Info

0 Emma Rochelle Wheeler Biography, life and Career Facts, Invented

vov to biography  





(1882-1957) American Physician

Emma Rochelle Wheeler founded and ran the first African-American hospital in Chattanooga, Tennessee. She not only practiced medicine and surgery at the facility, but she also administered its school of nursing. She later established an innovative system of prepaying for hospitalization and in-home nursing services, an initiative that reduced the financial strain on families at the time of unexpected sickness.

Wheeler was born on February 8, 1882, in Gainesville, Florida. Her father was a farmer and veterinarian. Her interest in medicine peaked when, suffering from an eye problem at the age of six, she visited a white woman diagnostician, who befriended Wheeler and encouraged her to pursue the study of medicine. She thus attended Cookman Institute in Jacksonville, graduating at the age of 17 in 1899.

In 1900, Wheeler married Joseph R. Howard, a teacher who died a year later of typhoid fever while she was pregnant with a son, whom she named after his dead father.
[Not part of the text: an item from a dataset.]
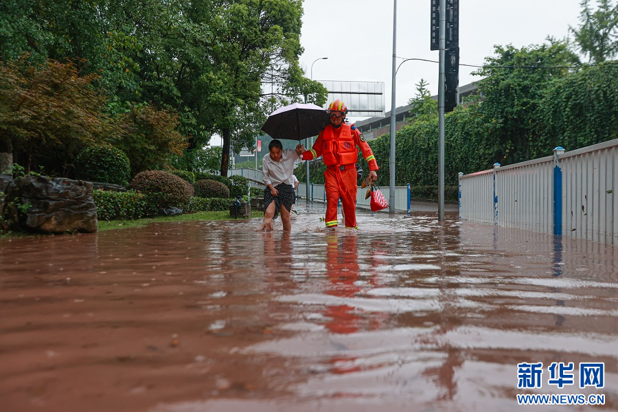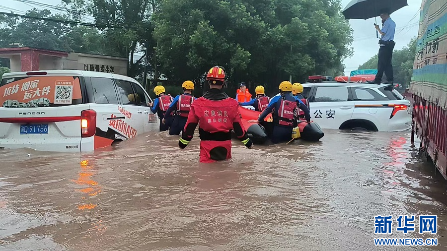 铜梁区消防救援支队消防员正在转移被困市民。新华网 发

She moved them to Nashville, Tennessee, to attend Meharry Medical, Dental, and Pharmaceutical College of Walden University, graduating with a medical degree in 1905. During commencement week, she married a fellow doctor, John N. Wheeler, and eventually the couple had two daughters, Thelma and Bette, and they adopted Wheeler’s nephew, George.

The Wheelers moved to Chattanooga, Tennessee, where they established a joint practice. After a decade of saving money and planning, Wheeler founded the Walden Hospital, a facility dedicated to serving the African-American community’s medical needs (which went largely unmet by the existing medical establishment). On July 30, 1915, she opened the three-story building she had commissioned, complete with 30 beds, nine private rooms, and a 12-bed medical dispensary ward. Two staff doctors and three nurses worked the hospital’s surgical, maternity, and nursery departments, and 17 physicians and surgeons with the Mountain City Medical Society (to which Wheeler herself belonged) admitted patients there. Although Wheeler’s husband practiced at the hospital, Wheeler herself managed, operated, and funded the hospital.

After the hospital’s first decade, Wheeler established the Nurse Service Club of Chattanooga in 1925. This radically new concept, an initiative independent from the hospital, provided its members with two weeks of prepaid hospitalization and subsequent in-home nurse care afterward. Also in 1925, she collaborated with Emma Henry, Zenobia House, and Marjorie Parker to establish the Pi Omega chapter of the Alpha Kappa Alpha sorority. By this time, Wheeler had given up on performing surgery at the hospital in order to devote herself to her administrative responsibilities, including the hospital’s school of nursing, which she maintained for over two decades.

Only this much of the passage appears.